During the CES and MWC exhibitions in 2023, 5G acceleration and EV technologies will gradually take over the highlights of the industry, while the developing technologies from NYCU perfectly match this future trend. NYCU’s CSD Lab is currently working on “world-class III-V electronics technologies” while also seeking to reach out to major companies, such as TSMC or Foxconn, for future collaborations.
Compound Semiconductor Device Research Center (CSD Research Lab) at NYCU is dedicated to developing world-class III–V electronics technologies for academic excellence and supporting the III–V community with frontier technologies for industrial applications.
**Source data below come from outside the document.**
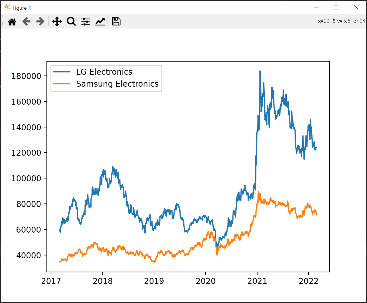 top_axes.plot(sk_hynix.index, sk_hynix['Adj Close'], label='Adjusted Close')
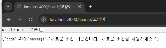 - v1 버전을 사용했을 때 : call 하는 클라이언트 서버의 request 함수에서 throw error 로 처리하면 아래와 같이 에러코드만 나오고 안내 메세지가 안 나온다.
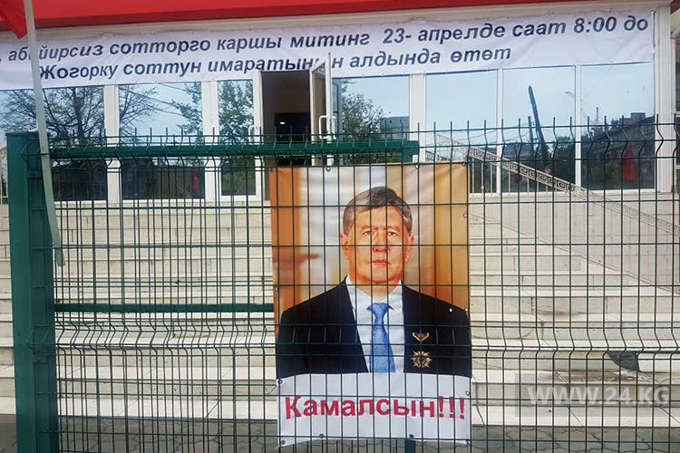 По их данным, социал-демократы просили снять с забора, который возведен по периметру здания, портрет экс-президента страны Алмазбека Атамбаева. Над портретом атамекеновцы повесили надпись «Атамбаева за решетку».
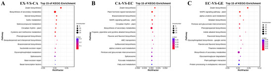 KEGG analysis of potential DE mRNA target genes of lncRNA. (A–C) represent the KEGG enrichment pathway maps of DE mRNA target genes of DE lncRNA in EX-VS-CA, CA-VS-EC, and EC-VS-GE stages, respectively.

As a global leader in the semiconductor industry, Taiwan must actively invest in the development of innovative technologies to maintain its competitive advantages. CSD Lab will serve as a research platform for the integrated III–V technology for Taiwanese industry from materials, devices, processes, equipment, packages, and testing to pilot line production.
CSD is the only university laboratory worldwide that provides 3 – 6 inch III–V MMIC fabrication services with process capability down to 60–nm. The Lab provides GaAs and GaN foundry services to offer tailored solutions for III-V MMIC and III-V/Si integration for future high-frequency communication, terahertz imaging applications, GaN-based high-power, and high-frequency devices for 5G and EV applications. Besides university-industry cooperative research projects, CSD Research Lab collaborates closely with international research institutions on innovative, pioneering joint research projects.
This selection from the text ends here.